The Allwetterzoo Münster is a zoo in Münster in Westfalen, Germany. The zoo was founded in 1875. In 1973, the Zoologische Garten zu Münster was closed and replaced in 1974 by the new Allwetterzoo Münster, which was built in a tree-rich area close to the lake Aasee.

== Staff ==
In 2012, 85 people (including management) worked at the Allwetterzoo Münster zoo. Amongst those, most (46 people) worked as zookeepers, four were part of an education program, and eleven involved in commercial sale or technical section. Six gardners were tending the plants and six people worked in management.

=== Management ===
Until the end of the 1950s, the chairman of the board was the official director. However, since 1960, the title is "Zoo director." Since 1985, the zoo is managed by Westfälischer Zoologischer Garten GmbH .

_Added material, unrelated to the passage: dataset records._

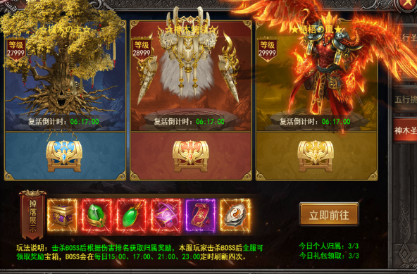 若实力足够,优先推荐打右下角29999级怪物,获取奖励更多哟~怪物为个人归属,会根据打怪的伤害排名计算归属奖励;本服的玩家击杀后可以在主界面点击领取宝箱,BOSS将在每天15:00、17:00、21:00、23:00刷新重置,对应时间有空闲可以参与击杀下~可获取提升五行木属性装备等道具,让各位道友实力大涨!
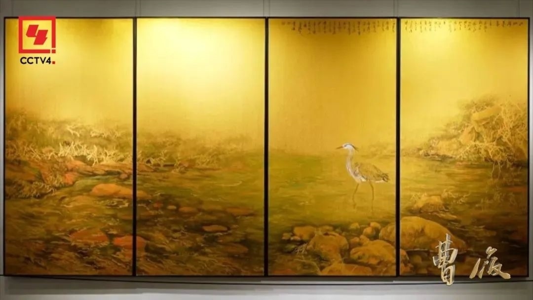 他把潑彩和工筆相結(jié)合,創(chuàng)作出了一種新風(fēng)格的作品,在這種風(fēng)格的作品中,體現(xiàn)了宋代審美中高古的意境,同時(shí)又抒發(fā)了大文化、大關(guān)懷。
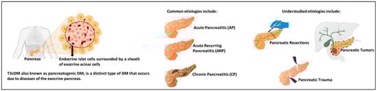 Type 3c diabetes mellitus (T3cDM) is a distinct type of DM that occurs in the context of diseases of the exocrine pancreas. It is also known as pancreoprivic, pancreatogenic, or secondary DM (secondary to diseases that affect the pancreas exocrine compartment) []. The most common etiologies for T3cDM include acute pancreatitis (AP), acute recurring pancreatitis (ARP), chronic pancreatitis (CP), cystic fibrosis (CF), as well as understudied causes such as pancreatic resections, cancer, or genetic disorders [,].
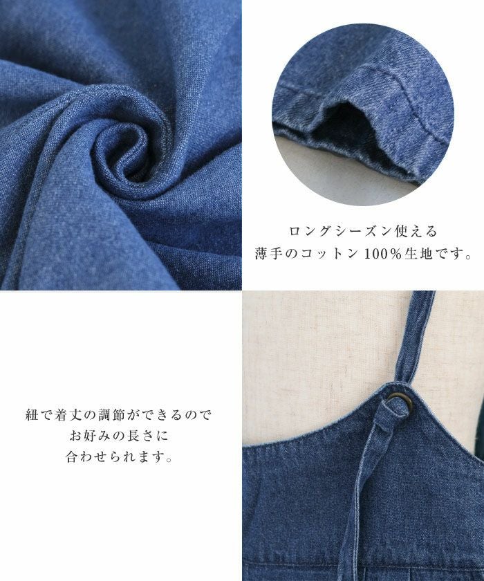 • ロングシーズン使える薄手のコットン100%生地のデニムサロペット
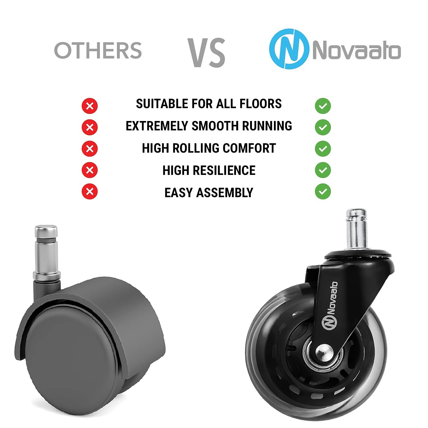 - LANGLEBIGE GUMMIROLLEN: Hergestellt aus hochwertigem Polypropylen und Gummi bieten unsere Bürostuhlrollen eine lange Lebensdauer und eine ideale Balance zwischen Haltbarkeit und sanfter Bewegung.
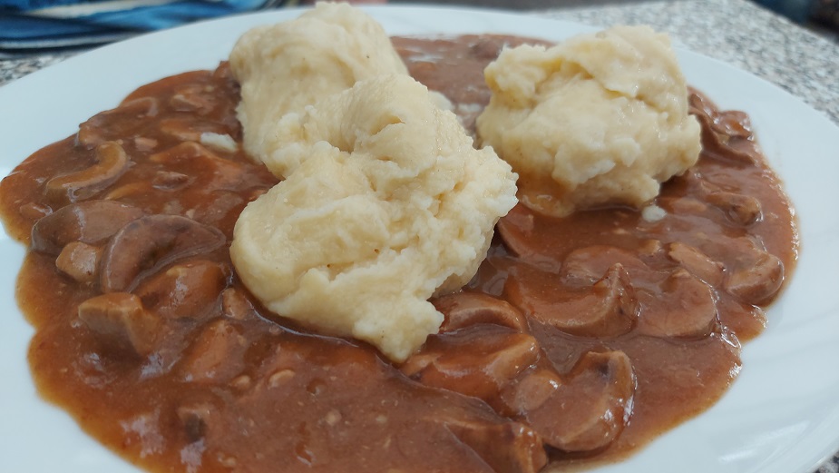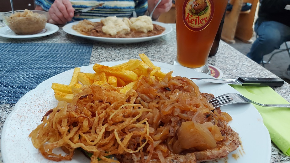 An einem der letzten schönen Terrassenabenden zum Draußensitzen gab´s zu ein paar guten Kellerbieren von der stets perfekten Tageskarte zwei außergewöhnliche Gerichte: Mit Beilagensalat und Pommes Frites das Zwiebelsteck vom Schweinerücken und zu Mehlklößen und Sauerkraut die sauren Nieren, die man eher selten in einem Wirthaus bekommt.

| Chairman of the board | Zoo Directors |
| * 1871–1876 Hermann Landois * 1876–1884 Franz v.Olfers * 1884–1894 Vormann * 1894–1905 Hermann Landois * 1906–1907 B. Wulff * 1907–1909 Paul Maerker * 1909–1910 Wohmann * 1910–1922 Ferdinand Verfürth * 1924–1928 Hermann Reichling * 1928–1933 Rincklage * 1933–1937 Karl Humborg * 1937–1945 Franz Falger | * 1945–1948 Hermann Reichling * 1948–1952 Theodor Geringhoff * 1952–1959 Julius Rohr * 1959–1974 Matthias Lückertz * 1974–1979 Heinrich Stadtbäumer * 1979–1982 Werner Schulze Buschhoff * 1982–1997 Rudolf Wilbrand * 1997–2001 Ralph Ziegler * 2001–2008 Katharina Krüger * since 2008 Helge Peters | * 1875–1905 Hermann Landois * 1908–1925 Heinrich Goffart * 1925–1933 Richard Neuhaus * 1933 Abel * 1934 Goffart * 1934–1936 M. Hans Bungartz * 1936–1945 Heinz Randow * 1945–1948 Hermann Reichling * 1949–1957 Ludwig Zukowsky * 1957–1960 Heinemann * 1960–1980 Helmut Reichling * 1980–1994 Götz Ruempler * 1994–2015: H. Jörg Adler * since 2016: Thomas Wilms |

== Animal numbers ==
This table shows the development of animal numbers in the zoo until 2015.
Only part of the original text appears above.